• What needs to be done: Only the lines from the first line of the entries through the line with "Inspirée de notre" belong in the answer, each restated word for word and without pictures.

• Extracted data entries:

+ + + +

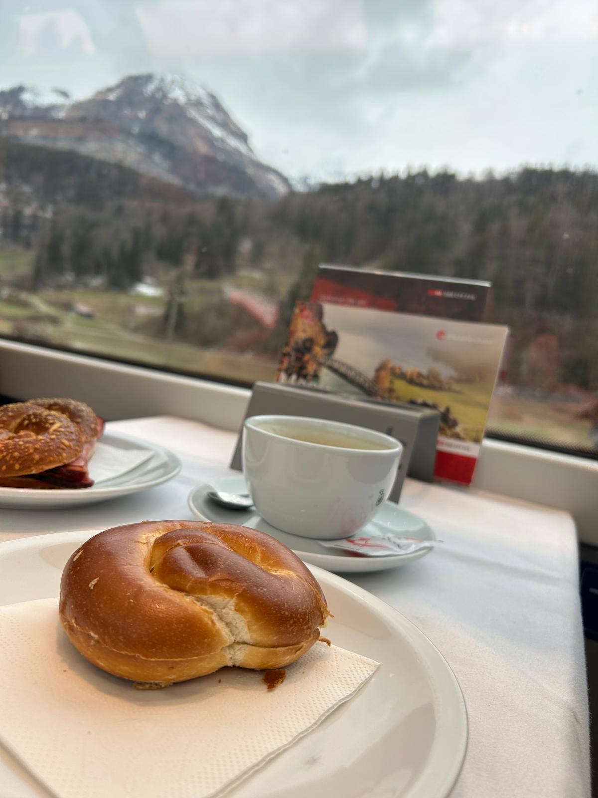 Trenul nu are vagon restaurant, așa că este recomandat să aveți o gustare și băutări. Noi ne-am luat o cafea înainte să ajungem în gară și am savurat-o din plin în timp ce am admirat priveliștea.
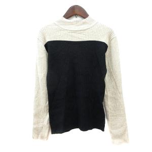 ファボリ FAVORI ニット カットソー ハイネック 長袖 リブ バイカラー 38 M ベージュ 黒 ブラック /MN レディース
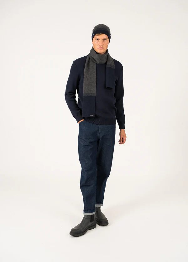 Inspirée de notre iconique pull Bretagne, l'écharpe Bretagne est une écharpe bicolore en laine. Comme le pull dont elle est inspirée, elle possède un joli dégradé au dessus du revers. Tricotée dans nos Ateliers, elle est 100% laine et faite en côte 1x1, la maille iconique de nos pulls marins.
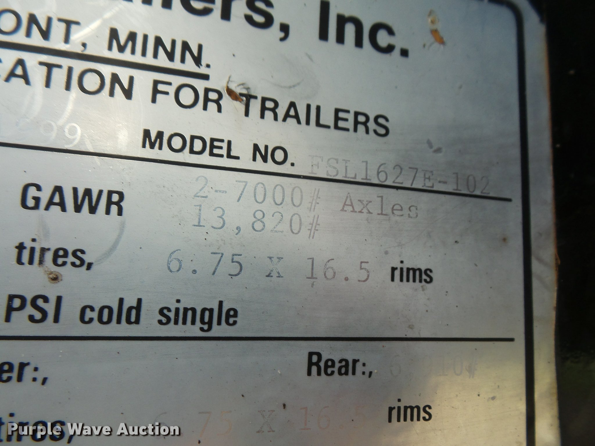 Purple Wave is selling a used Equip. Trailer in Kansas. This item is a 1999 Redi Haul FSL1627E-102 equipment trailer with the following: 18'L x 81"W overall, 16'L wood deck, 2'L dovetail, 4.5'L ramps, D-ring tie downs, Toolbox, 2 5/16" ball hitch, Single leg landing gear, Spring suspension, Electric brakes, Tandem axle, 9.50-16.5 tires, GVWR 17,150 lbs, GAWR 7,000 lbs
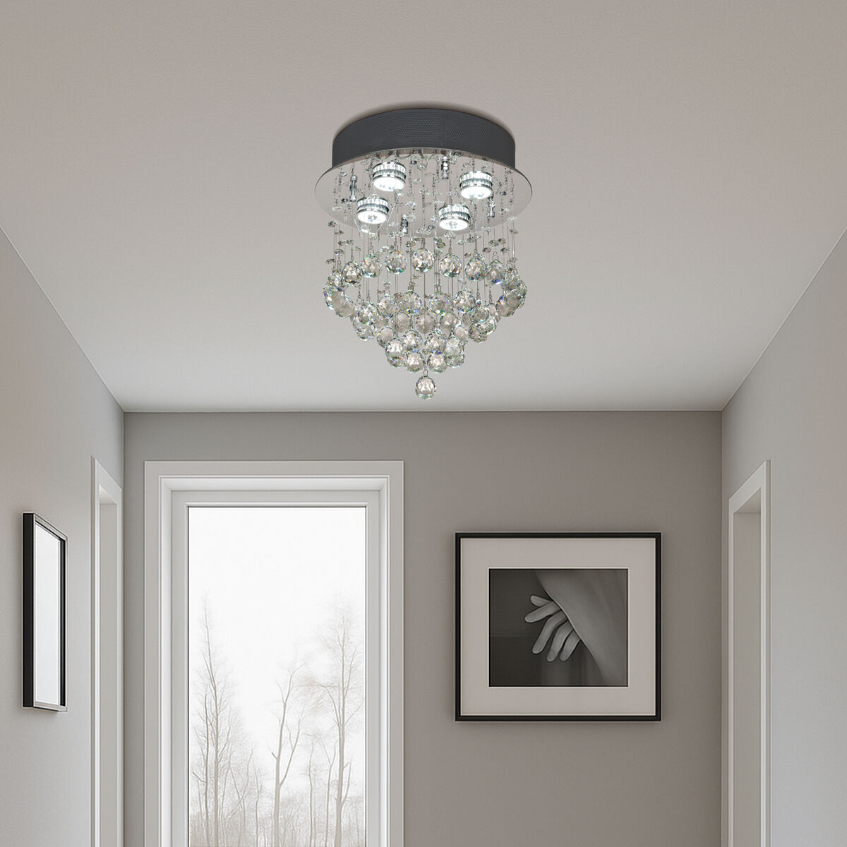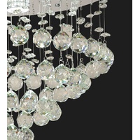 The SAVINA Round crystal collection makes a spectacular statement with lavish crystals and glowing LED light. Dramatic baskets and leaf waterfalls of hand-polished crystal spheres with sparkling beads suspend from the ceiling, shimmering light through each strand. The fixture is pre-trimmed with the crystal strands of fixed lengths, mounted to a precision-cut stainless steel ceiling plate.

+ + + +

• Response to the task:
 Trenul nu are vagon restaurant, așa că este recomandat să aveți o gustare și băutări. Noi ne-am luat o cafea înainte să ajungem în gară și am savurat-o din plin în timp ce am admirat priveliștea.
 ファボリ FAVORI ニット カットソー ハイネック 長袖 リブ バイカラー 38 M ベージュ 黒 ブラック /MN レディース
 Inspirée de notre iconique pull Bretagne, l'écharpe Bretagne est une écharpe bicolore en laine. Comme le pull dont elle est inspirée, elle possède un joli dégradé au dessus du revers. Tricotée dans nos Ateliers, elle est 100% laine et faite en côte 1x1, la maille iconique de nos pulls marins.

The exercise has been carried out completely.